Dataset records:
+ + + + +
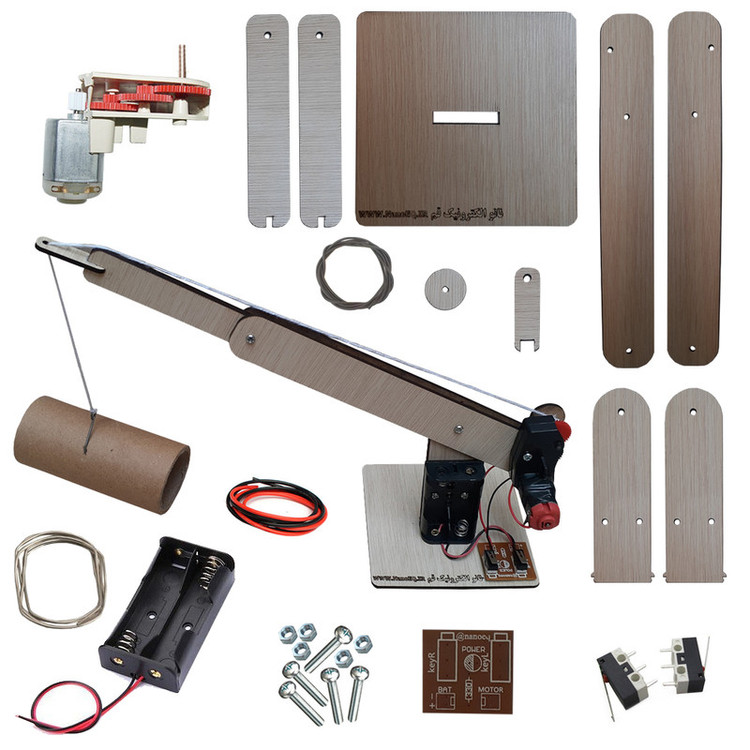 چوب برش خورده-پیچ و مهره-گیربکس و موتور-جاباتری قلمی-برد الکترونیکی-سیم-میکروسوئیچ-نخ و قلاب
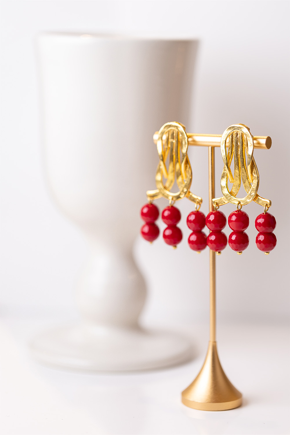 Valeska Jewellery statement earrings featuring an elegant sculptural design with intertwined curves. The earrings are finished with three dangling drops of faceted red beads that add movement and a vibrant touch of color. Their bold yet sophisticated style makes them perfect for both special occasions and stylish everyday wear.
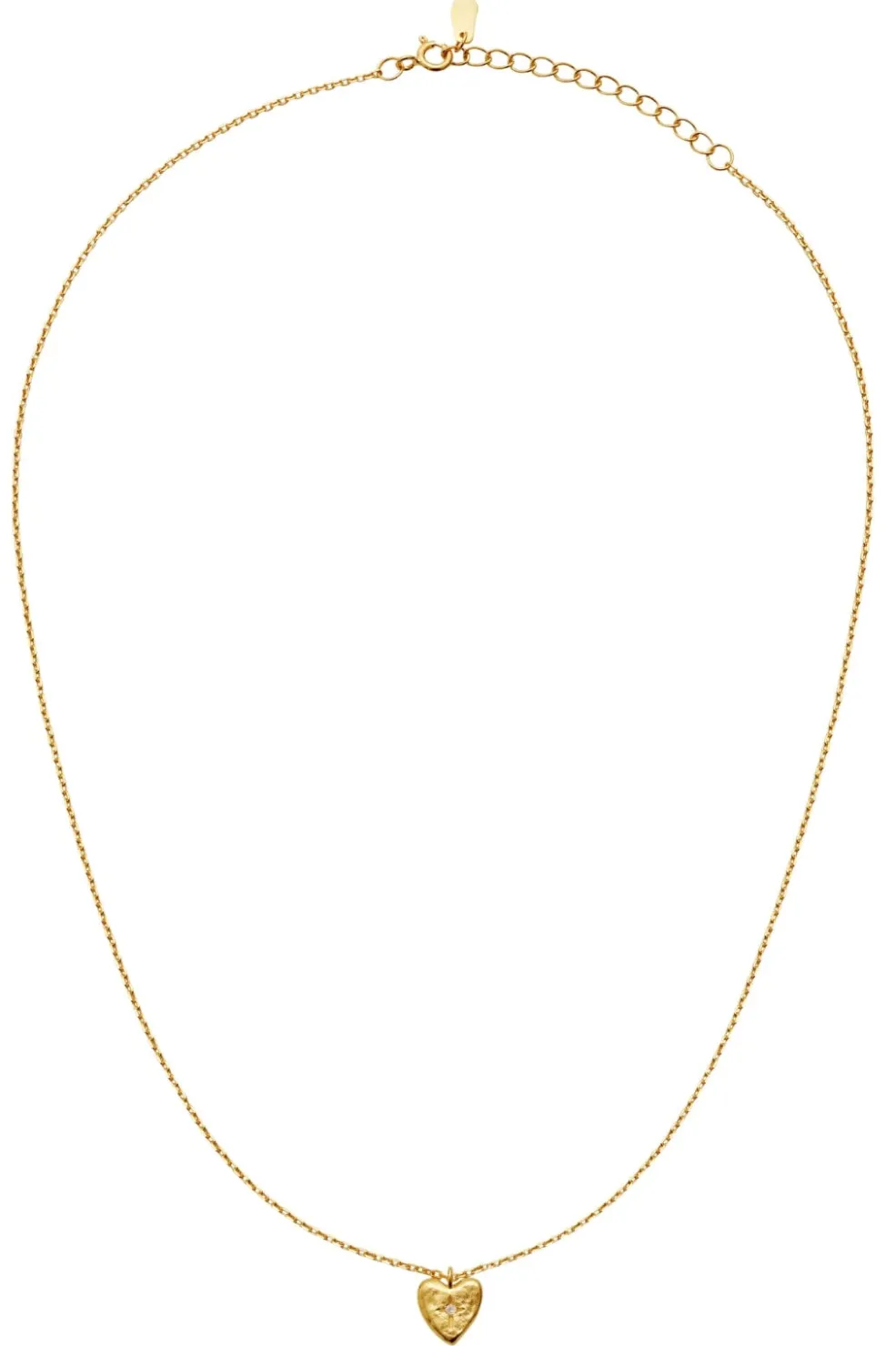Gylden halskæde fra Maanesten med hjerteformet vedhæng. Fremstillet af genanvendt sterlingsølv med 18 karat guldbelægning. Den fine kæde har et delikat design.
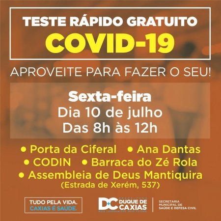 A ação de testagem rápida para a Covid-19 chega em mais bairros de Duque de Caxias nesta nesta sexta-feira (10). As equipes da Secretaria Municipal de Saúde e Defesa Civil vão atuar: Porta da Ciferal; Ana Dantas; CODIN; Barraca do Zé Rola; Assembleia de Deus Mantiquira (Estrada de Xerém, 537), das 8h ao meio-dia. .
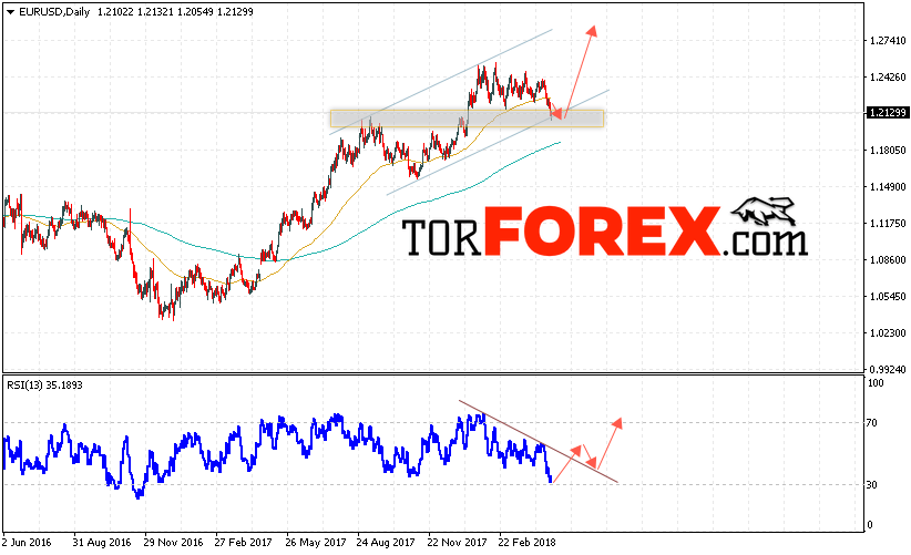 Таким образом, EUR/USD прогноз Евро Доллар на 30 апреля — 4 мая 2018 предполагает попытку падения в область поддержки вблизи уровня 1.2100, откуда стоит ожидать продолжения роста в область выше 1.2750, в пользу роста вступит пробой линии тренда на индикаторе относительной силы, отменой варианта роста евро доллар станет падение и пробой уровня 1.1950, в этом случае стоит ожидать продолжения снижения пары с потенциальной целью на уровне 1.1550.
+ + + + +
(AIM OF THE TASK): Out of the records above, please copy exactly the lines from the line with "Gylden halskæde fra" up to and including the line with "A ação de testagem", minus the pictures.

(EXPECTED ANSWER):
Gylden halskæde fra Maanesten med hjerteformet vedhæng. Fremstillet af genanvendt sterlingsølv med 18 karat guldbelægning. Den fine kæde har et delikat design.
 A ação de testagem rápida para a Covid-19 chega em mais bairros de Duque de Caxias nesta nesta sexta-feira (10). As equipes da Secretaria Municipal de Saúde e Defesa Civil vão atuar: Porta da Ciferal; Ana Dantas; CODIN; Barraca do Zé Rola; Assembleia de Deus Mantiquira (Estrada de Xerém, 537), das 8h ao meio-dia. .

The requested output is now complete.